По знаку Вирхова, Придворова отпустили, и он бросился в кабинет. Следователь и агент последовали за ним. Повозившись в верхнем ящике письменного стола, Придворов достал аккуратную папочку и протянул ее начальствующему лицу.
Они вернулись в гостиную. Вирхов снова уселся на стул, позволив присесть на продавленный диван и обессиленному фельдшеру.
Глянув на лист с гербовыми печатями, Вирхов убедился, что Придворов не лжет, разрешение на частную практику у него есть. «И за свое лечение этот мерзавец, скорее всего, получил недурственный гонорар, но какой, все равно не сознается», – подумал следователь, но вслух спросил:
– А в чем причина такого стремительного течения болезни?
– Я и сам интересовался, – опасливо ответил Придворов, – да ничего толком не понял. Вы же знаете англичан, из них клещами слова не вытянешь. Сказал только, что долго подвергался воздействию вредных веществ, которые носил в кармане...
Следователь Вирхов смотрел на словоохотливого фельдшера и с каждой минутой все более утверждался в мысли, что этот человек что-то скрывает. Про смерть мистера Стрейсноу он вряд ли лжет – все-таки не так он глуп, чтобы не помнить, что всякое его слово будет проверено. Так в чем же тайна? Вирхов решил идти ва-банк:
– А как поживает Клавка?
К удивлению Вирхова вздрогнувший от неожиданности Придворов облегченно вздохнул:
– Слава Богу, жив сорванец. Видел его недели две назад, спрашивал об отце... Несчастный ребенок, после того как мать спилась и погибла под колесами конки, стал дикарем... Мелким воровством пробавляется... Тем и жив.
Разочарованный Вирхов не спускал с фельдшера тяжелого взора. Лжет тот или говорит правду? До сих пор следователь был уверен, что Клавка – женщина, а выходит, это мальчишка. Но почему фельдшер так спокойно рассказывает о юном преступнике? Если мальчишку надоумили они, англичанин и фельдшер, то Придворову следовало бы скрывать знакомство с пацаном...
– А почему за Клавдием не присматривает отец?

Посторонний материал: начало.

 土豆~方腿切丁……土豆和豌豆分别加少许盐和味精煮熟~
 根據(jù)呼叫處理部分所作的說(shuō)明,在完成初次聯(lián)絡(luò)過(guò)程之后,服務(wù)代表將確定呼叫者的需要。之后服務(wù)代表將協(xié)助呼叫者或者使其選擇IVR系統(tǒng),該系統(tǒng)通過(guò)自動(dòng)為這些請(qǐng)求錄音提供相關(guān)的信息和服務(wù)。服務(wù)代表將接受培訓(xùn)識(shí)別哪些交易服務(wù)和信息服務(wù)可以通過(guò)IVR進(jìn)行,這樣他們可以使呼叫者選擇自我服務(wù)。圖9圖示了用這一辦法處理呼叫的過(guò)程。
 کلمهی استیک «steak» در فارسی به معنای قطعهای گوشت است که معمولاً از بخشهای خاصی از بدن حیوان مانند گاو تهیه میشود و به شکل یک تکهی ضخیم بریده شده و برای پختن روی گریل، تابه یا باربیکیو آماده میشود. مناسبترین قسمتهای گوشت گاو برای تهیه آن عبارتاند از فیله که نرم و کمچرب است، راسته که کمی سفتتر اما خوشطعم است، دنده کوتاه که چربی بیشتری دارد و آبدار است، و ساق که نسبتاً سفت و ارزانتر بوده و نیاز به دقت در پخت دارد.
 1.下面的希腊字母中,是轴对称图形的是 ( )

Вирхов впился взором в острое морщинистое личико допрашиваемого.
– Адриан-то? – усмехнулся фельдшер. – Не знаю, я уж несколько лет как потерял его из виду. Я ведь и помог ему, горемычному, из желтого дома выбраться на свободу. Жалко мне стало страдальца – держали его за решеткой за политические убеждения... Понимаете, Адриан хотел уничтожить тиранию... В лице русского самодержавия... Я тоже, скажу правду, сторонник прогресса и считаю, что прогнивший режим надо менять. Но он полагал, что надо идти путем террора и в первую очередь отомстить вероломным властителям... обманувшим доверие святых мучеников...

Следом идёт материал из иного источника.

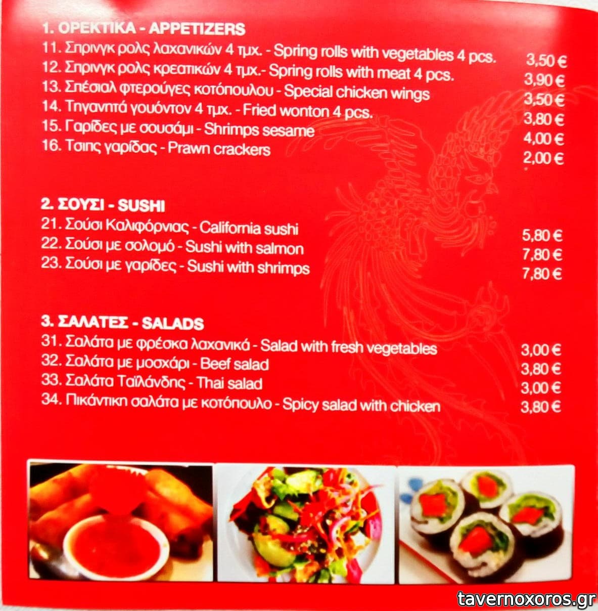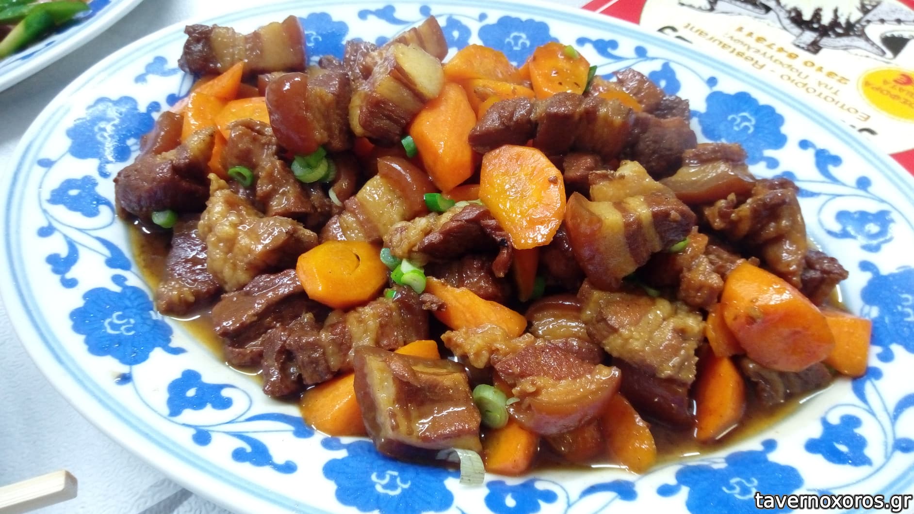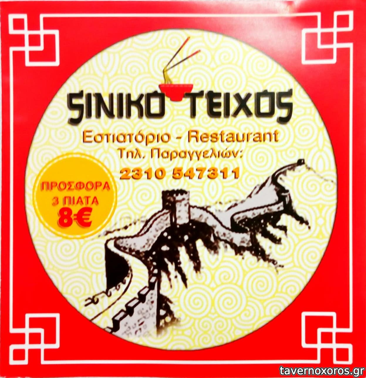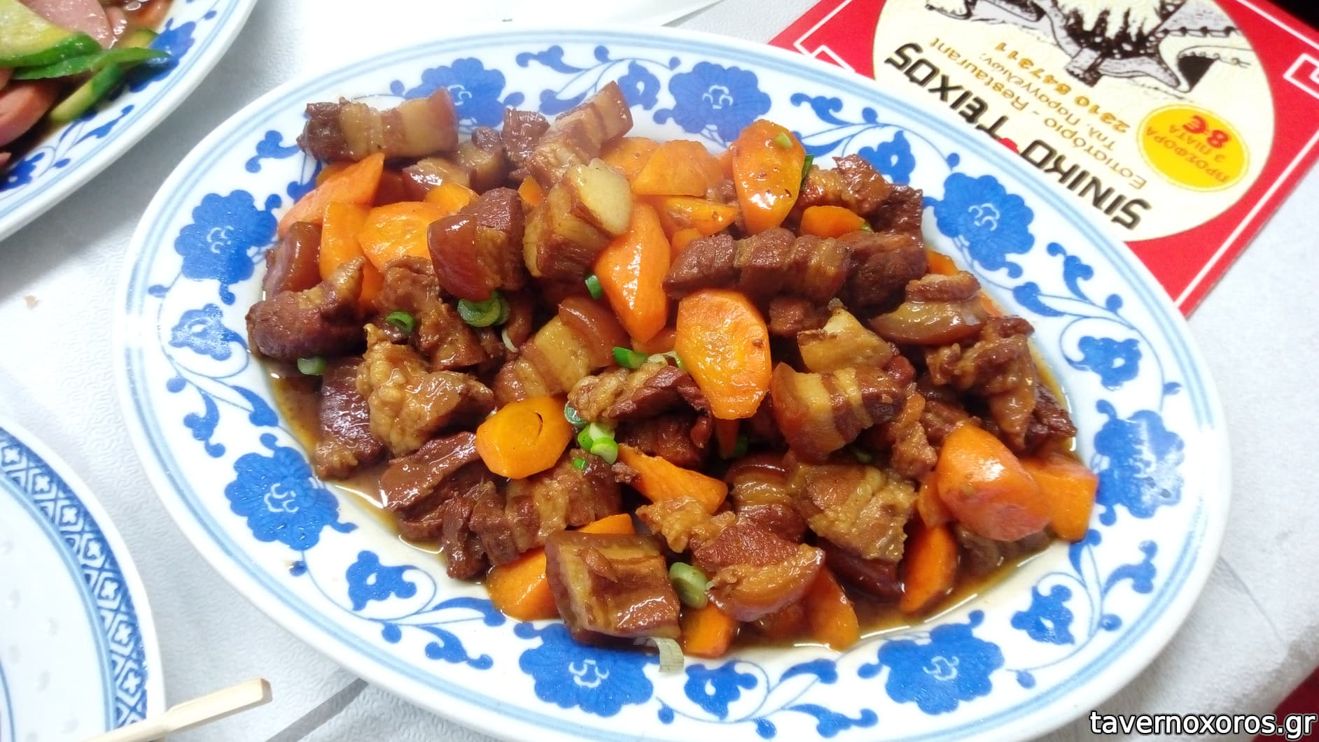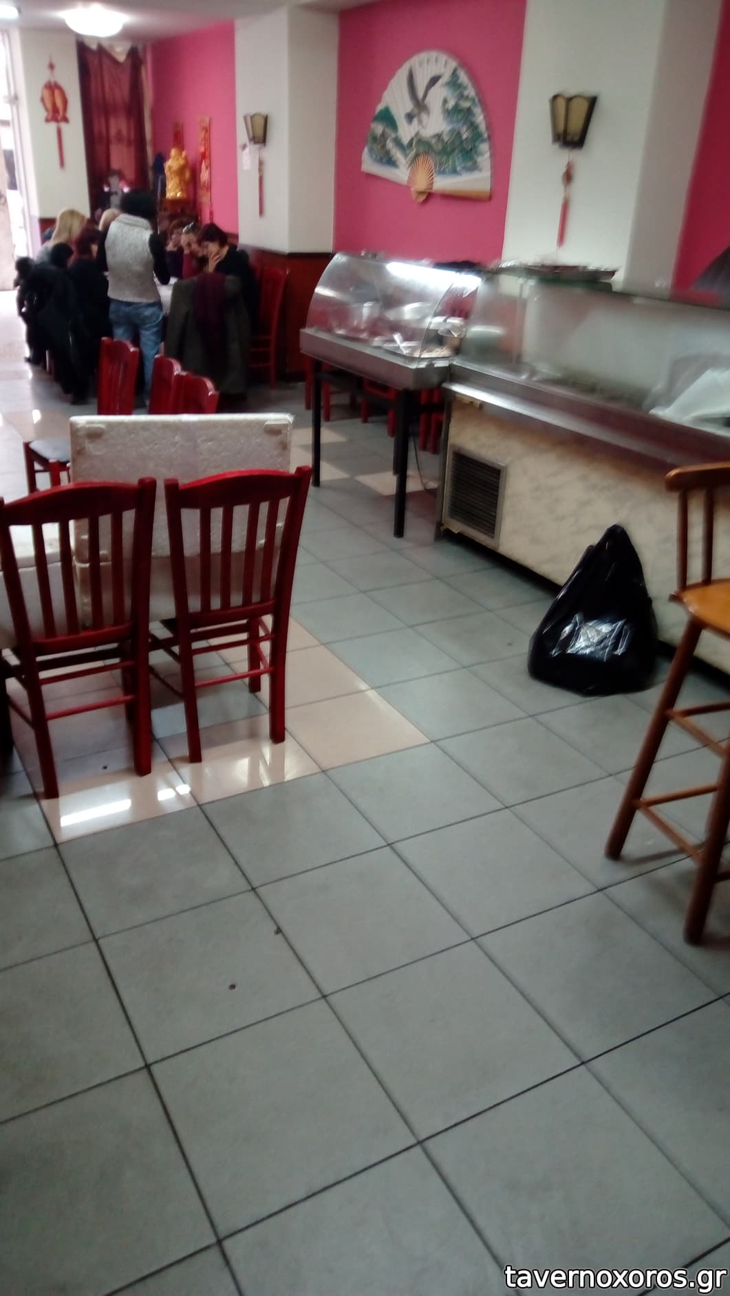 πήγαμε πριν λίγες βδομάδες, παρασκευή απόγευμα, 3 νοματαίοι. Φυσικά ήμασταν οι μόνοι. Το μαγαζί είναι ένα κινέζικο μαγερειό κοντά στην τσαινατάουν (ναι, έχει η πόλη μας- δεν το ξέρατε; ) και φυσικά κάνει και ντελίβερι τα κλασικά κινέζικα πιάτα. Το μεσημέρι λειτουργεί σα μαγειρείο με μπουφέ κι έρχονται κινέζοι που δουλεύουν στα κοντινά μαγαζιά και τρώνε, κάποια πιο hardcore κινέζικα φαγητά σε μπουφέ με 8ε το άτομο, και το βράδυ ή στο ντελίβερι έχει μενού 12ε, αυτό που δοκιμάσαμε κι εμείς: ένα ορεκτικό, ένα πρώτο πιάτο (νουντλς ή ρύζι), ένα κυρίως κι ένα γλυκό/επιδόρπιο+ 1 νερό.

– О ком это вы изволите рассуждать? – Недоумение Вирхова росло с каждой минутой.
– О, это давняя история... – вздохнул Придворов – А память человечества короткая. Помните, убийство террористами императора Александра Освободителя?

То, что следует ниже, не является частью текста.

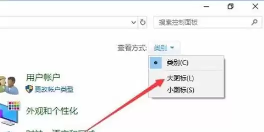 第二步:切换视图模式。控制面板窗口打开后,注意看右上角。点击“查看方式”旁边的下拉菜单,从弹出的选项中选择“大图标”。这个操作能让所有设置项一目了然。
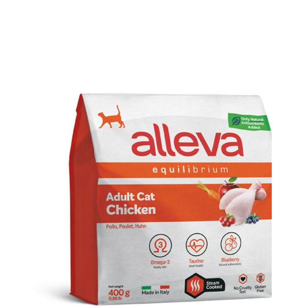 ALLEVA EQUILIBRIUM CAT для кошек Adult Chicken / взрослых с курицей 0,4 кг 1035 новинка, (2 шт)

– Да, разумеется, – растерянно подтвердил Вирхов, – двадцать два года назад.
– В 1881 году, – уточнил Придворов, – я тогда уже служил в Окружном доме для умалишенных и с революционерами не общался. Так вот... После казни Софьи Перовской и Андрея Желябова, рассказывал Адриан, он понял, что молодые люди были обмануты Марией Федоровной, тогда еще цесаревной. Он прозрел истину и написал статью, где утверждал, что Мария Федоровна через посредников установила связь с революционерами и обещала им – если они удачно бросят бомбу в царя-освободителя – оправдание и какие-то политические изменения в государственном устройстве...
– А зачем Ее Императорскому Величеству потребовалось убивать Александра Второго? – пробормотал ошарашенный Вирхов.
– Адриан считал, что причины она имела весомые, – если б Александр не погиб, она никогда не стала бы императрицей! У этой женщины сильна воля к власти! – Морщинистое лицо эскулапа светилось восторгом.
– Но она с мужем и так взошла бы на трон после смерти Александра Освободителя! – воскликнул Вирхов, в смятении оглядываясь на смешавшихся городовых. – Или я чего-то не понимаю?
– Вы, господин следователь, очевидно, в те годы служили где-нибудь в провинции, а тогда по столице полз зловещий слушок, что царь-освободитель хочет заместо законного сына своего Александра возвести на престол Того... Своего внебрачного сына от Долгорукой, сожительницы своей. После смерти царственной супруги и венчанной жены собирался венчать Долгорукую и на царство... Трон уплывал из-под ног цесаревны Марии Федоровны с муженьком... Вот она и организовала убийство свекра. А светлых мучеников, – Придворов перекрестился на икону Николая Чудотворца, висевшую в правом углу гостиной, – Перовскую и Желябова обманула, уничтожила как свидетелей ее преступления, а прозревшего истину Адриана упекли в желтый дом.
– Что за бред вы тут несете об особах царствующей фамилии!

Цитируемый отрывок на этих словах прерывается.